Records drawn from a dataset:

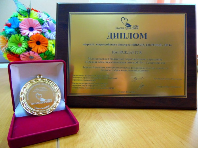 В рамках федерального конкурса «Школа здоровья – 2014» в Санкт–Петербурге МБОУ «СОШ №19» удостоена медали «За отличные успехи в области здоровьесбережения» и диплома «Школа здоровья -2014» за комплексную программу формирования культуры здорового и безопасного образа жизни учащихся «Здоровье»
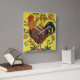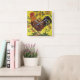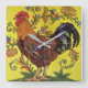 Rooster Yellow Chicken Folklotze Blütenblume Quadratische Wanduhr
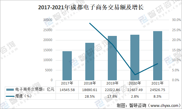 2009年以來,成都市委、市政府高度重視電子商務發展,把電子商務作為促進經濟發展方式轉變、提升城市核心競爭力的戰略選擇,全力推進成都電子商務發展。四川省電子商務大數據中心數據顯示,2020年成都累計實現電子商務交易額22637.49億元,同比增長2.79%2021年成都累計實現電子商務交易額24526.75億元,同比增長8.35%。
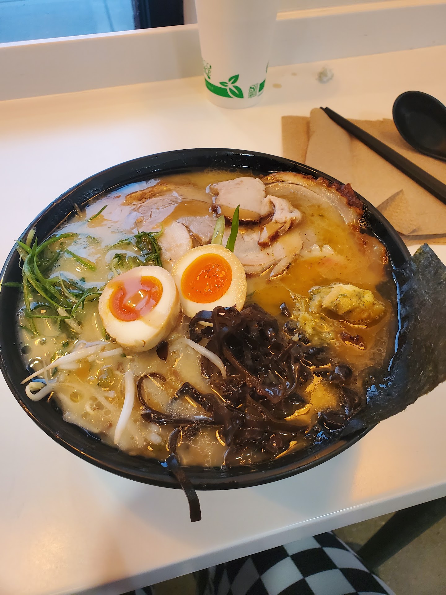 Read moreSo first thing is ramen. It was good not amazing but good. Price could be different due to the fact the service doesn't match the price either. The menu itself is small and doesn't have much variety but that's ok could be altered later. The service itself seems quick when making the food and getting our beverages. Now where I see it can be a problem is this whole new era of self serve where you get your own table and get your own drink could not play well with this restaurant due to the fact it's a small place so if you want to sit down and enjoy your food you will have to wait until someone gets up,and it's not like they keep track of who is sitting where because it's self serve. Basically they are there to provide food and after that find a table or takeout to save yourself the trouble. It would work with more room but lack of space will push out customers just wanting to sit down and enjoy food. Another thing is when your name is called you have to get your own ramen bowl. So it's already risky getting a table now imagine getting up to get your food in a new busy spot, accidents are bound to happen. If you get a drink you would have to cut thru the line of customers ordering their food just for you to ask someone for a refill. It just seems unnecessary. I get if it's McDonald's or Wendy's or something but this isn't fast food. You do feel rushed to eat your food because people will be staring at you to see if you are leaving your table because they need a spot to sit down. They need a way to keep track of that. Even when we got our table no one really cleans the tables we had to get napkins and clean it ourselves like the staff that does the work are the coolers. There should be a better system or play around with the seating or something. The food itself was not bad it did lack protein and needed more eggs or pork I had to pay extra for one more egg. Most places provide that. The noodles themselves were actually not bad. Could be a little different but still good. I do see the place being better once they get around the bumps but right now you're best bet...
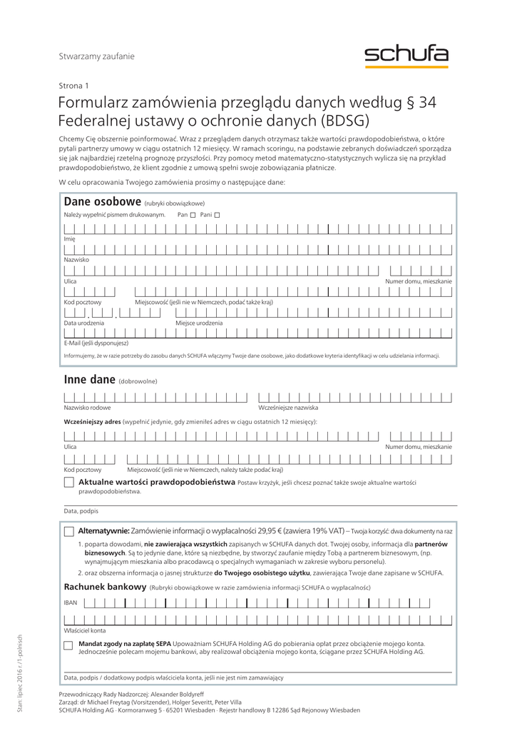 Stwarzamy zaufanie Strona 1 Formularz zamówienia przeglądu danych według § 34 Federalnej ustawy o ochronie danych (BDSG) Chcemy Cię obszernie poinformować. Wraz z przeglądem danych otrzymasz także wartości prawdopodobieństwa, o które pytali partnerzy umowy w ciągu ostatnich 12 miesięcy. W ramach scoringu, na podstawie zebranych doświadczeń sporządza się jak najbardziej rzetelną prognozę przyszłości. Przy pomocy metod matematyczno-statystycznych wylicza się na przykład prawdopodobieństwo, że klient zgodnie z umową spełni swoje zobowiązania płatnicze. W celu opracowania Twojego zamówienia prosimy o następujące dane: Dane osobowe (rubryki obowiązkowe) Należy wypełnić pismem drukowanym. Pan Pani Imię Nazwisko Ulica Numer domu, mieszkanie Kod pocztowy Miejscowość (jeśli nie w Niemczech, podać także kraj) Data urodzenia Miejsce urodzenia E-Mail (jeśli dysponujesz) Informujemy, że w razie potrzeby do zasobu danych SCHUFA włączymy Twoje dane osobowe, jako dodatkowe kryteria identyfikacji w celu udzielania informacji. Inne dane (dobrowolne) Nazwisko rodowe Wcześniejsze nazwiska Wcześniejszy adres (wypełnić jedynie, gdy zmieniłeś adres w ciągu ostatnich 12 miesięcy): Ulica Numer domu, mieszkanie Kod pocztowy Miejscowość (jeśli nie w Niemczech, należy także podać kraj) Aktualne wartości prawdopodobieństwa Postaw krzyżyk, jeśli chcesz poznać także swoje aktualne wartości prawdopodobieństwa. Data, podpis Alternatywnie: Zamówienie informacji o wypłacalności 29,95 € (zawiera 19% VAT) – Twoja korzyść: dwa dokumenty na raz 1. poparta dowodami, nie zawierająca wszystkich zapisanych w SCHUFA danych dot. Twojej osoby, informacja dla partnerów biznesowych. Są to jedynie dane, które są niezbędne, by stworzyć zaufanie między Tobą a partnerem biznesowym, (np. wynajmującym mieszkania albo pracodawcą o specjalnych wymaganiach w zakresie wyboru personelu). 2. oraz obszerna informacja o jasnej strukturze do Twojego osobistego użytku, zawierająca Twoje dane zapisane w SCHUFA. Rachunek bankowy (Rubryki obowiązkowe w razie zamówienia informacji SCHUFA o wypłacalnośc) IBAN Stan: lipiec 2016 r./1-polnisch Właściciel konta Mandat zgody na zapłatę SEPA Upoważniam SCHUFA Holding AG do pobierania opłat przez obciążenie mojego konta. Jednocześnie polecam mojemu bankowi, aby realizował obciążenia mojego konta, ściągane przez SCHUFA Holding AG. Data, podpis / dodatkowy podpis właściciela konta, jeśli nie jest nim zamawiający Przewodniczący Rady Nadzorczej: Alexander Boldyreff Zarząd: dr Michael Freytag (Vorsitzender), Holger Severitt, Peter Villa SCHUFA Holding AG · Kormoranweg 5 · 65201 Wiesbaden · Rejestr handlowy B 12286 Sąd Rejonowy Wiesbaden Stwarzamy zaufanie Strona 2 formularza zamówienia przeglądu danych według § 34 Federalnej ustawy o ochronie danych (BDSG) Informacje o formularzu zamówienia 1 Wypełnić formularz w pełni 2 Skopiować i załączyć dokumenty tożsamości Abyśmy mogli Cię jednoznacznie zidentyfikować, do zamówienia prosimy dołączyć czytelną, dwustronną kopię swojego dokumentu tożsamości. Z kopii muszą wyraźnie wynikać imię/imiona i nazwisko, kompletny adres, data i miejsce urodzenia. Wszystkie pozostałe dane i fotografia mogą być zaczernione. Pomożesz nam w ten sposób uniknąć dodatkowych zapytań, co przyspieszy realizację zamówienia. Obywatele niemieccy ALBO Kopia dowodu osobistego ALBO kopia paszportu oraz kopia potwierdzenia zameldowania 3 3 Obywatele innych państw Kopia paszportu WRAZ z kopią potwierdzenia zameldowania Formularz i dokumenty należy wysłać pocztą Formularz zamówienia wraz z kopiami dokumentów tożsamości należy, po naklejeniu znaczków o właściwej wartości, wysłać pod adresem: Znaczek pocztowy Nadawca Imię Nazwisko Ulica Numer domu, mieszkanie Kod pocztowy Miejscowość SCHUFA Holding AG Postfach 10 25 66 D 44725 Bochum Wskazówka o mandacie zgody na zapłatę SEPA przy alternatywnym zamówieniu informacji SCHUFA o wypłacalności: W terminie ośmiu tygodni począwszy od daty obciążenia konta możesz zażądać zwrotu ściągniętej kwoty. Obowiązują przy tym warunki uzgodnione z Twoim bankiem. Numer referencyjny upoważnienia zostanie przekazany odrębnie. Stan: lipiec 2016 r./1-polnisch SCHUFA Holding AG, Kormoranweg 5, D 65201 Wiesbaden Numer identyfikacyjny wierzyciela DE87ZZZ00000239351
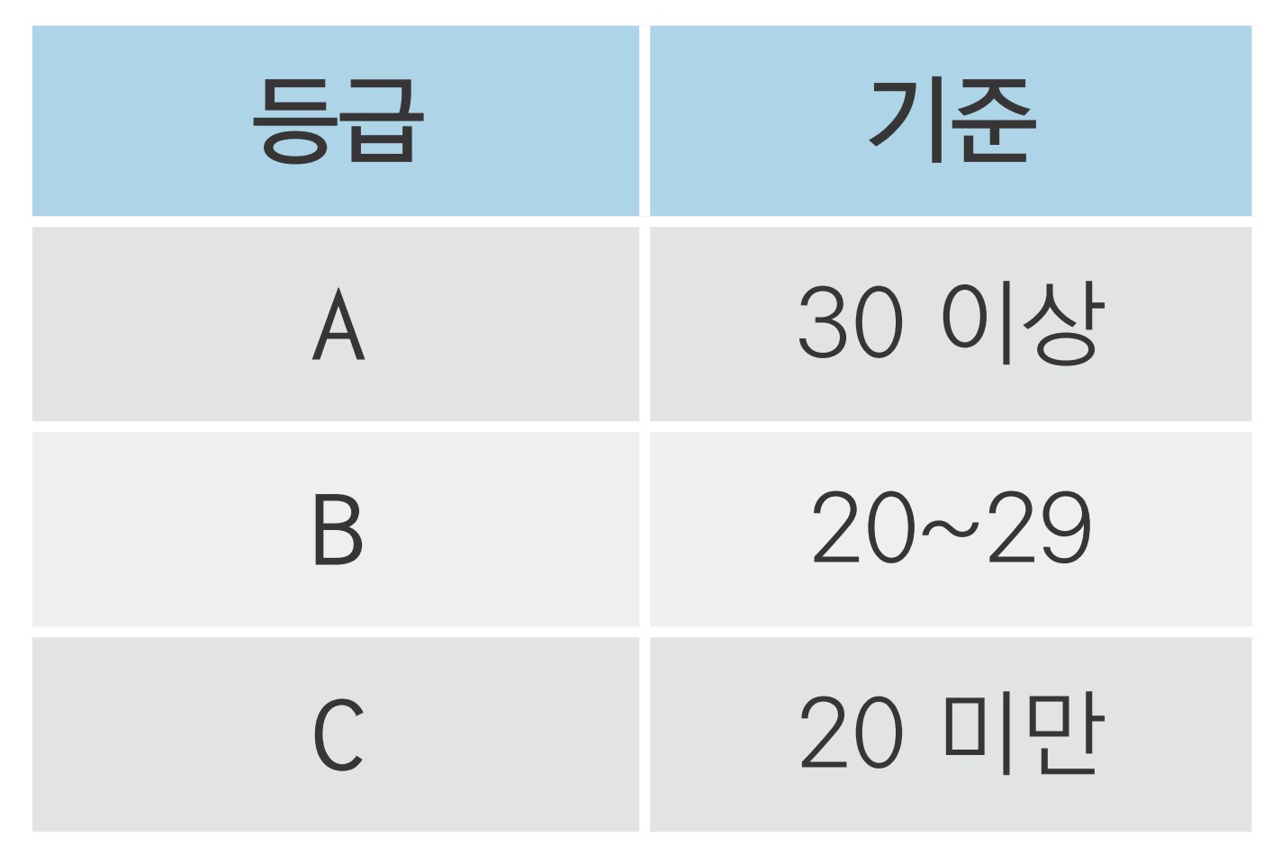 # total 기준으로 A, B, C 등급 부여
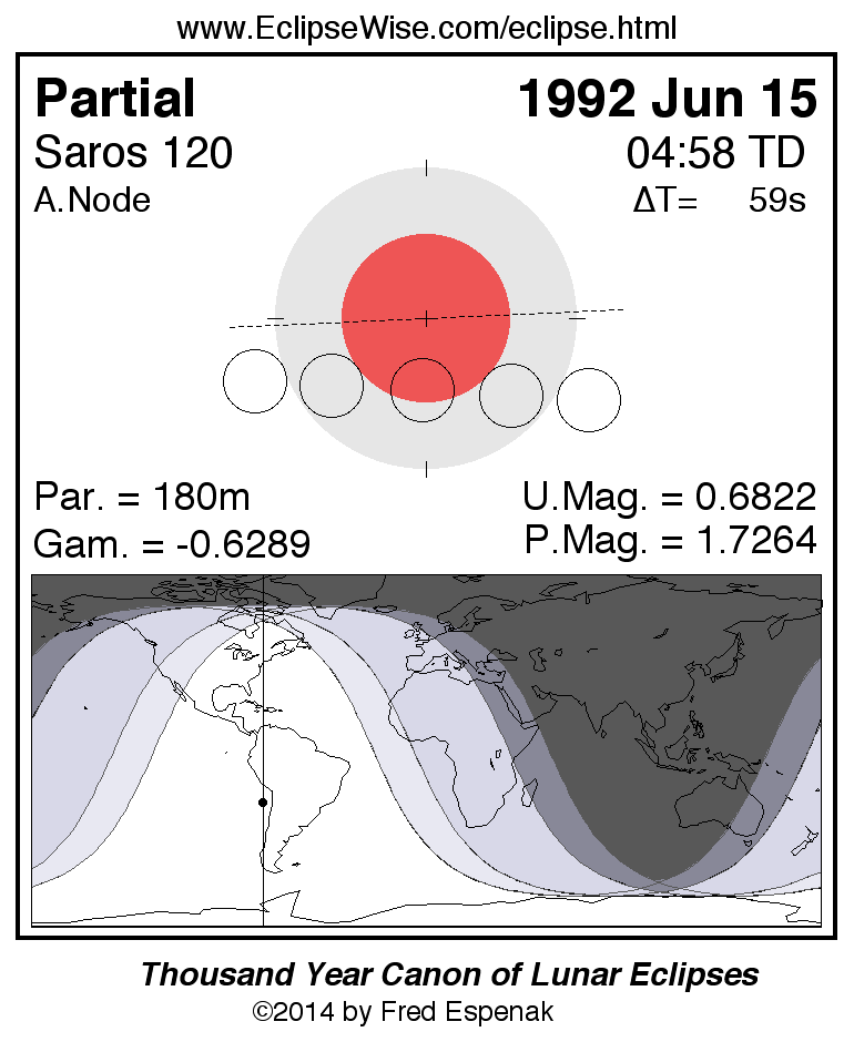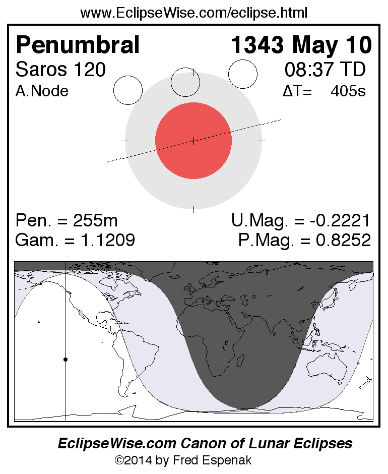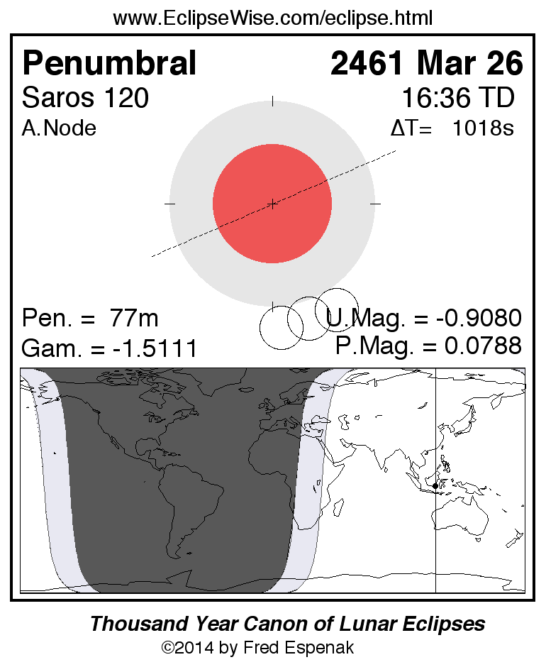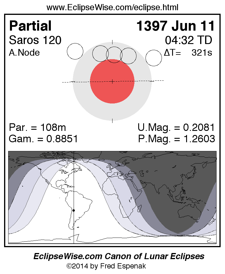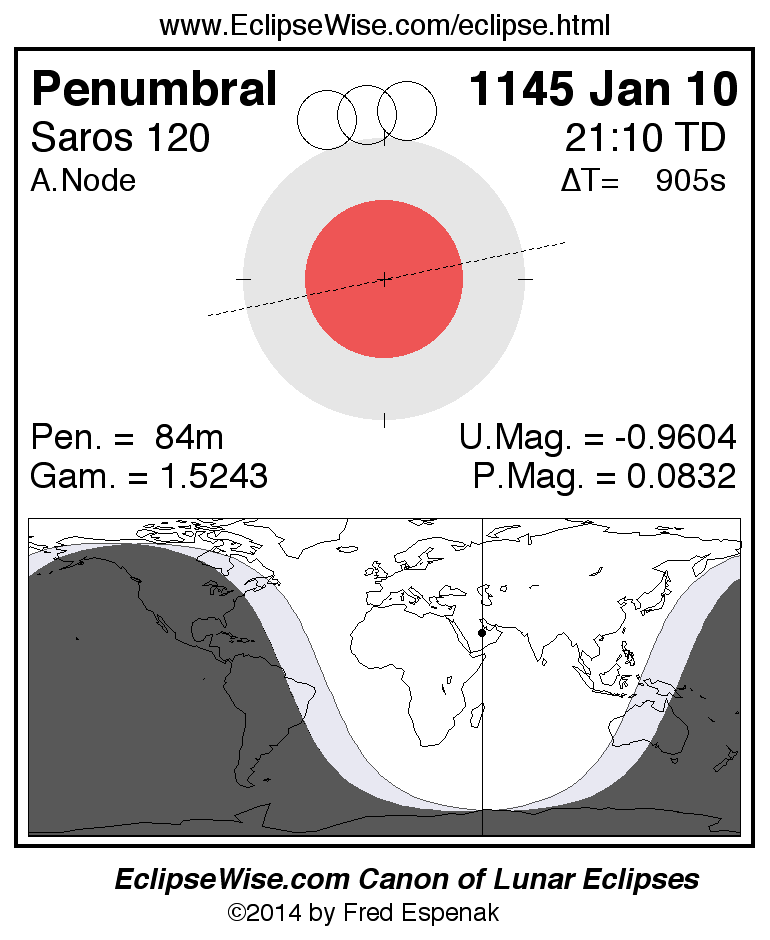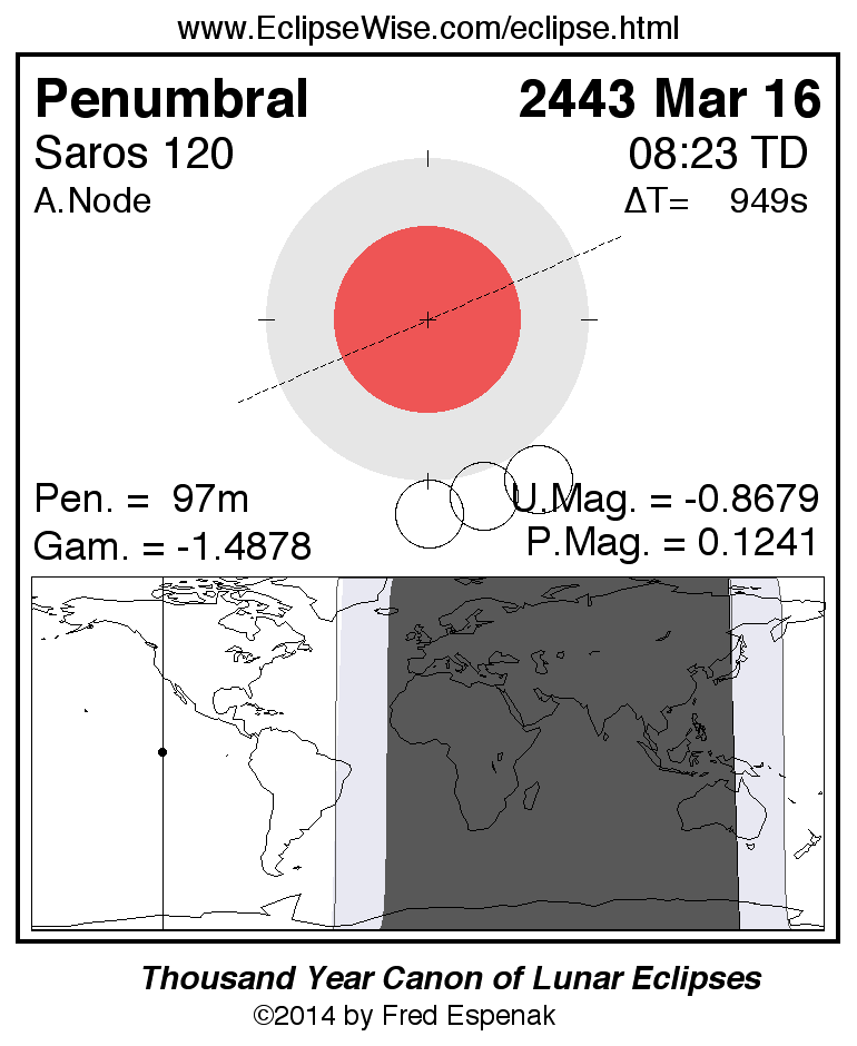 A panorama of all lunar eclipses belonging to Saros 120 is presented here. Each figure shows the Moon's path with respect to Earth's penumbral and umbral shadows. Below the path is a map depicting the geographic region of visibility for the eclipse. The date and time are given for the instant of Greatest Eclipse. Every figure serves as a hyperlink to the EclipseWise Prime page for that eclipse with a larger figure and complete details for the eclipse. Visit the Key to Lunar Eclipse Figures for a detailed explanation of these diagrams. Near the bottom of this page are a series of hyperlinks for more on lunar eclipses.

* **What you will do**
Your copy of the records above should be exact and contain no pictures.

* **Reply to the task**
 В рамках федерального конкурса «Школа здоровья – 2014» в Санкт–Петербурге МБОУ «СОШ №19» удостоена медали «За отличные успехи в области здоровьесбережения» и диплома «Школа здоровья -2014» за комплексную программу формирования культуры здорового и безопасного образа жизни учащихся «Здоровье»
 Rooster Yellow Chicken Folklotze Blütenblume Quadratische Wanduhr
 2009年以來,成都市委、市政府高度重視電子商務發展,把電子商務作為促進經濟發展方式轉變、提升城市核心競爭力的戰略選擇,全力推進成都電子商務發展。四川省電子商務大數據中心數據顯示,2020年成都累計實現電子商務交易額22637.49億元,同比增長2.79%2021年成都累計實現電子商務交易額24526.75億元,同比增長8.35%。
 Read moreSo first thing is ramen. It was good not amazing but good. Price could be different due to the fact the service doesn't match the price either. The menu itself is small and doesn't have much variety but that's ok could be altered later. The service itself seems quick when making the food and getting our beverages. Now where I see it can be a problem is this whole new era of self serve where you get your own table and get your own drink could not play well with this restaurant due to the fact it's a small place so if you want to sit down and enjoy your food you will have to wait until someone gets up,and it's not like they keep track of who is sitting where because it's self serve. Basically they are there to provide food and after that find a table or takeout to save yourself the trouble. It would work with more room but lack of space will push out customers just wanting to sit down and enjoy food. Another thing is when your name is called you have to get your own ramen bowl. So it's already risky getting a table now imagine getting up to get your food in a new busy spot, accidents are bound to happen. If you get a drink you would have to cut thru the line of customers ordering their food just for you to ask someone for a refill. It just seems unnecessary. I get if it's McDonald's or Wendy's or something but this isn't fast food. You do feel rushed to eat your food because people will be staring at you to see if you are leaving your table because they need a spot to sit down. They need a way to keep track of that. Even when we got our table no one really cleans the tables we had to get napkins and clean it ourselves like the staff that does the work are the coolers. There should be a better system or play around with the seating or something. The food itself was not bad it did lack protein and needed more eggs or pork I had to pay extra for one more egg. Most places provide that. The noodles themselves were actually not bad. Could be a little different but still good. I do see the place being better once they get around the bumps but right now you're best bet...
 Stwarzamy zaufanie Strona 1 Formularz zamówienia przeglądu danych według § 34 Federalnej ustawy o ochronie danych (BDSG) Chcemy Cię obszernie poinformować. Wraz z przeglądem danych otrzymasz także wartości prawdopodobieństwa, o które pytali partnerzy umowy w ciągu ostatnich 12 miesięcy. W ramach scoringu, na podstawie zebranych doświadczeń sporządza się jak najbardziej rzetelną prognozę przyszłości. Przy pomocy metod matematyczno-statystycznych wylicza się na przykład prawdopodobieństwo, że klient zgodnie z umową spełni swoje zobowiązania płatnicze. W celu opracowania Twojego zamówienia prosimy o następujące dane: Dane osobowe (rubryki obowiązkowe) Należy wypełnić pismem drukowanym. Pan Pani Imię Nazwisko Ulica Numer domu, mieszkanie Kod pocztowy Miejscowość (jeśli nie w Niemczech, podać także kraj) Data urodzenia Miejsce urodzenia E-Mail (jeśli dysponujesz) Informujemy, że w razie potrzeby do zasobu danych SCHUFA włączymy Twoje dane osobowe, jako dodatkowe kryteria identyfikacji w celu udzielania informacji. Inne dane (dobrowolne) Nazwisko rodowe Wcześniejsze nazwiska Wcześniejszy adres (wypełnić jedynie, gdy zmieniłeś adres w ciągu ostatnich 12 miesięcy): Ulica Numer domu, mieszkanie Kod pocztowy Miejscowość (jeśli nie w Niemczech, należy także podać kraj) Aktualne wartości prawdopodobieństwa Postaw krzyżyk, jeśli chcesz poznać także swoje aktualne wartości prawdopodobieństwa. Data, podpis Alternatywnie: Zamówienie informacji o wypłacalności 29,95 € (zawiera 19% VAT) – Twoja korzyść: dwa dokumenty na raz 1. poparta dowodami, nie zawierająca wszystkich zapisanych w SCHUFA danych dot. Twojej osoby, informacja dla partnerów biznesowych. Są to jedynie dane, które są niezbędne, by stworzyć zaufanie między Tobą a partnerem biznesowym, (np. wynajmującym mieszkania albo pracodawcą o specjalnych wymaganiach w zakresie wyboru personelu). 2. oraz obszerna informacja o jasnej strukturze do Twojego osobistego użytku, zawierająca Twoje dane zapisane w SCHUFA. Rachunek bankowy (Rubryki obowiązkowe w razie zamówienia informacji SCHUFA o wypłacalnośc) IBAN Stan: lipiec 2016 r./1-polnisch Właściciel konta Mandat zgody na zapłatę SEPA Upoważniam SCHUFA Holding AG do pobierania opłat przez obciążenie mojego konta. Jednocześnie polecam mojemu bankowi, aby realizował obciążenia mojego konta, ściągane przez SCHUFA Holding AG. Data, podpis / dodatkowy podpis właściciela konta, jeśli nie jest nim zamawiający Przewodniczący Rady Nadzorczej: Alexander Boldyreff Zarząd: dr Michael Freytag (Vorsitzender), Holger Severitt, Peter Villa SCHUFA Holding AG · Kormoranweg 5 · 65201 Wiesbaden · Rejestr handlowy B 12286 Sąd Rejonowy Wiesbaden Stwarzamy zaufanie Strona 2 formularza zamówienia przeglądu danych według § 34 Federalnej ustawy o ochronie danych (BDSG) Informacje o formularzu zamówienia 1 Wypełnić formularz w pełni 2 Skopiować i załączyć dokumenty tożsamości Abyśmy mogli Cię jednoznacznie zidentyfikować, do zamówienia prosimy dołączyć czytelną, dwustronną kopię swojego dokumentu tożsamości. Z kopii muszą wyraźnie wynikać imię/imiona i nazwisko, kompletny adres, data i miejsce urodzenia. Wszystkie pozostałe dane i fotografia mogą być zaczernione. Pomożesz nam w ten sposób uniknąć dodatkowych zapytań, co przyspieszy realizację zamówienia. Obywatele niemieccy ALBO Kopia dowodu osobistego ALBO kopia paszportu oraz kopia potwierdzenia zameldowania 3 3 Obywatele innych państw Kopia paszportu WRAZ z kopią potwierdzenia zameldowania Formularz i dokumenty należy wysłać pocztą Formularz zamówienia wraz z kopiami dokumentów tożsamości należy, po naklejeniu znaczków o właściwej wartości, wysłać pod adresem: Znaczek pocztowy Nadawca Imię Nazwisko Ulica Numer domu, mieszkanie Kod pocztowy Miejscowość SCHUFA Holding AG Postfach 10 25 66 D 44725 Bochum Wskazówka o mandacie zgody na zapłatę SEPA przy alternatywnym zamówieniu informacji SCHUFA o wypłacalności: W terminie ośmiu tygodni począwszy od daty obciążenia konta możesz zażądać zwrotu ściągniętej kwoty. Obowiązują przy tym warunki uzgodnione z Twoim bankiem. Numer referencyjny upoważnienia zostanie przekazany odrębnie. Stan: lipiec 2016 r./1-polnisch SCHUFA Holding AG, Kormoranweg 5, D 65201 Wiesbaden Numer identyfikacyjny wierzyciela DE87ZZZ00000239351
 # total 기준으로 A, B, C 등급 부여
 A panorama of all lunar eclipses belonging to Saros 120 is presented here. Each figure shows the Moon's path with respect to Earth's penumbral and umbral shadows. Below the path is a map depicting the geographic region of visibility for the eclipse. The date and time are given for the instant of Greatest Eclipse. Every figure serves as a hyperlink to the EclipseWise Prime page for that eclipse with a larger figure and complete details for the eclipse. Visit the Key to Lunar Eclipse Figures for a detailed explanation of these diagrams. Near the bottom of this page are a series of hyperlinks for more on lunar eclipses.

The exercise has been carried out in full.